The role of daughters in relation to their mother’s cervical cancer diagnosis and treatment in Guatemala: a descriptive study
Bibliographic record
Abstract
PURPOSE: There is currently no information on how caregivers for women diagnosed with cervical cancer in Guatemala, particularly daughters, are affected by their supportive role. This study's objective was to describe the support role of caregivers in the country, with a focus on daughters with a mother diagnosed with cervical cancer. METHODS: This analysis utilizes data from a cross-sectional study which aimed to understand pathways to cervical cancer care. Women seeking cervical cancer treatment at the Instituto de Cancerologia (INCAN) in Guatemala City, Guatemala and their companions were surveyed. Descriptive statistics were calculated. RESULTS: One hundred forty-five women seeking treatment and 71 companions participated in the study. Patient's daughters were most frequently reported as the person who provided the most support (51%) and as the most reported to have encouraged the patient to seek care.

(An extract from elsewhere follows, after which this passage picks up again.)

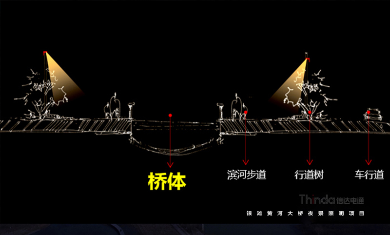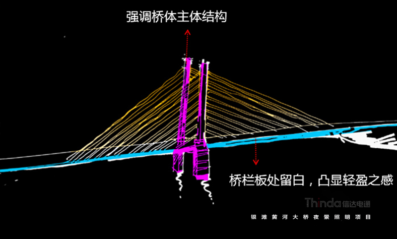銀灘黃河大橋夜景亮化設(shè)計(jì)中我們以功能性、裝飾性照明為主,同時(shí)也避免高亮度、多光色對(duì)行車造成安全隱患。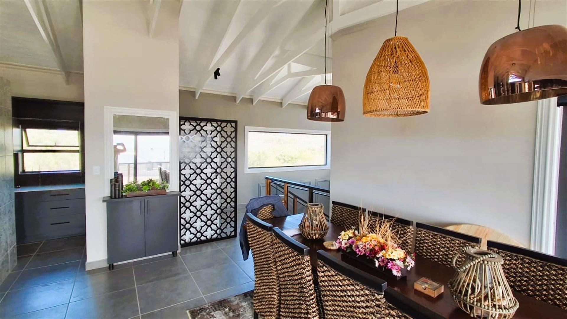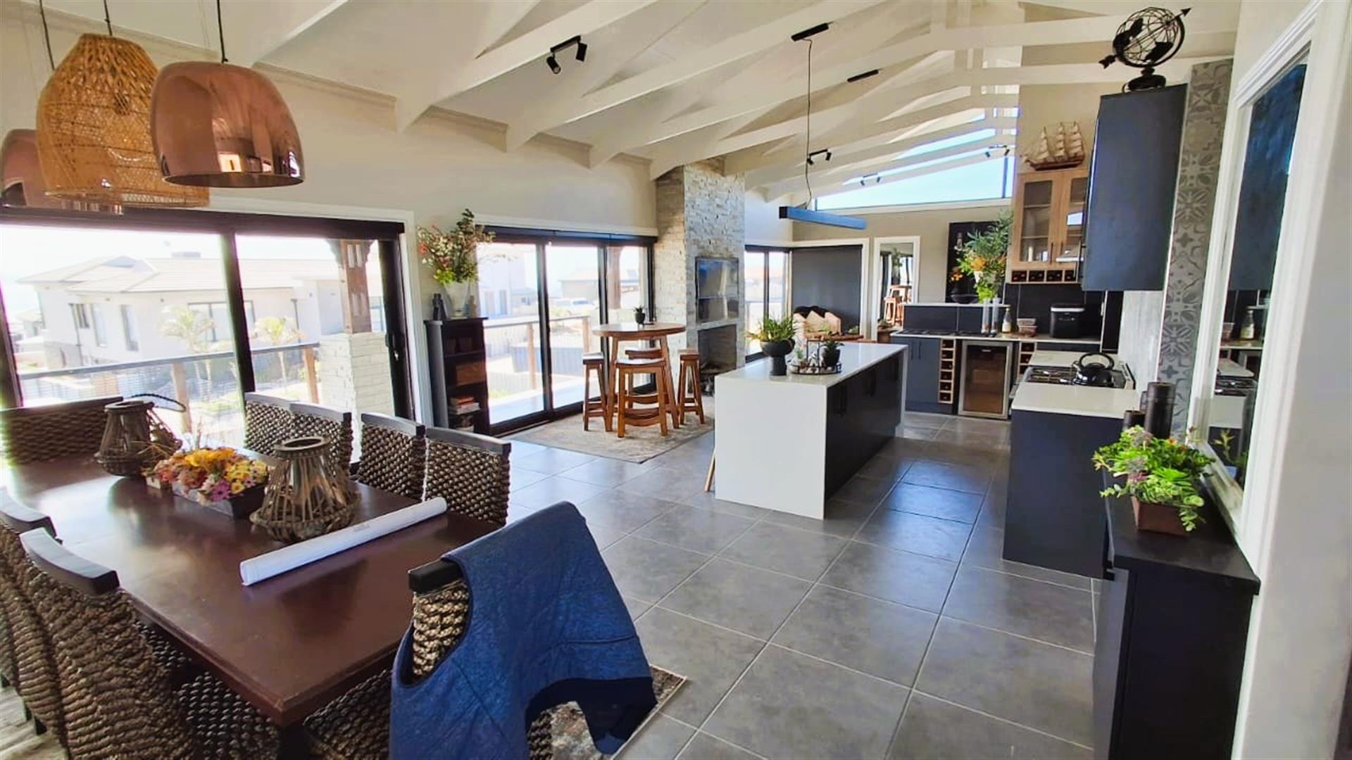 Experience refined coastal living in this immaculate, recently completed double-storey residence located in the prestigious Blue Waters Security Estate. Designed to maximise comfort, privacy, and breathtaking views, this contemporary home seamlessly blends modern elegance with relaxed seaside lifestyle.

Furthermore, daughters were noted as the person most reported to fulfill the major household and livelihood roles of the patient while they were seeking or receiving treatment (38.0%). Most daughters reported that they were missing housework (77%), childcare (63%), and income-earning activities (60%) to attend the appointment with their mothers. CONCLUSION: Our study suggests that in Guatemala cervical cancer patient's daughters have a significant support role in their mother's cancer diagnosis. Furthermore, we found that while caring for their mothers, daughters in Guatemala are often unable to participate in their primary labor activities. This highlights the additional burden that cervical cancer has on women in Latin America.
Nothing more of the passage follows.